- Verjan
- Coordinates: 34°26′07″N 50°52′47″E﻿ / ﻿34.43528°N 50.87972°E
- Country: Iran
- Province: Qom
- County: Kahak
- District: Central
- Rural District: Kahak

Population (2016)
- • Total: 1,024
- Time zone: UTC+3:30 (IRST)

= Verjan =

Village in Qom province, Iran

Verjan (ورجان) (Note: Also romanized as Varjān and Verjān; also known as Vīrjān) is a village in, and the capital of, Kahak Rural District in the Central District (Note: Formerly Nofel Loshato District and then Kahak District) of Kahak County, Qom province, Iran.
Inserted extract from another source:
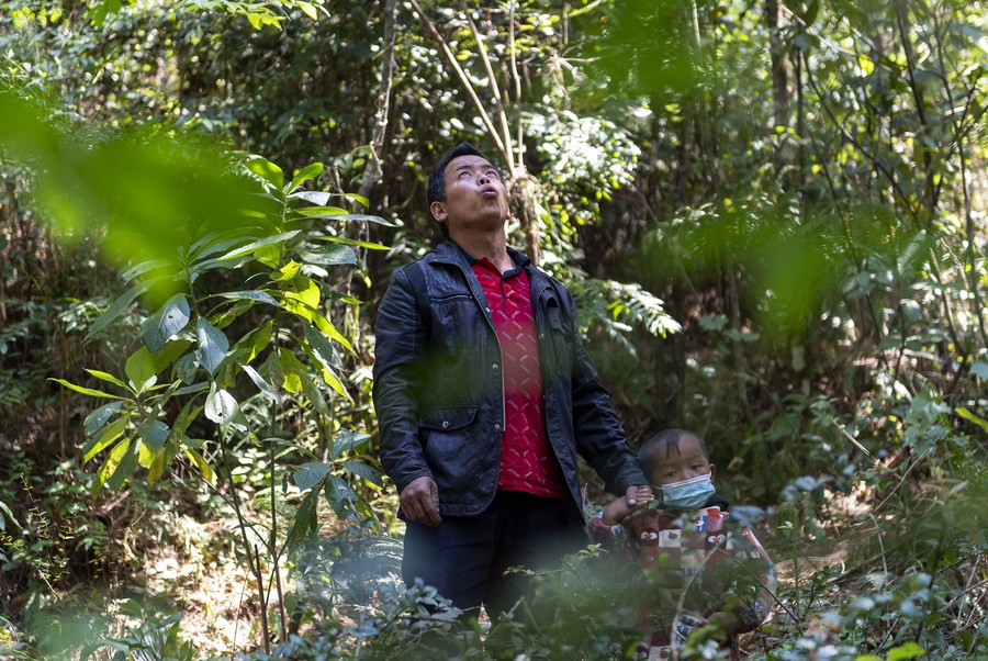 在怒江州泸水市鲁掌镇三河村,李中华带着儿子在自家“鸟塘”边的林子里唤鸟(3月13日摄)。新华社记者 陈欣波 摄

The rural district was previously administered from the city of Kahak. (Note: Formerly Nofel Loshato,)

==Demographics==
===Population===
At the time of the 2006 National Census, the village's population was 763 in 226 households, when it was in Kahak District (Note: Formerly Nofel Loshato District, renamed the Central District of Kahak County) of Qom County. The following census in 2011 counted 1,029 people in 321 households. The 2016 census measured the population of the village as 1,024 people in 327 households.

In 2021, the district was separated from the county in the establishment of Kahak County and renamed the Central District.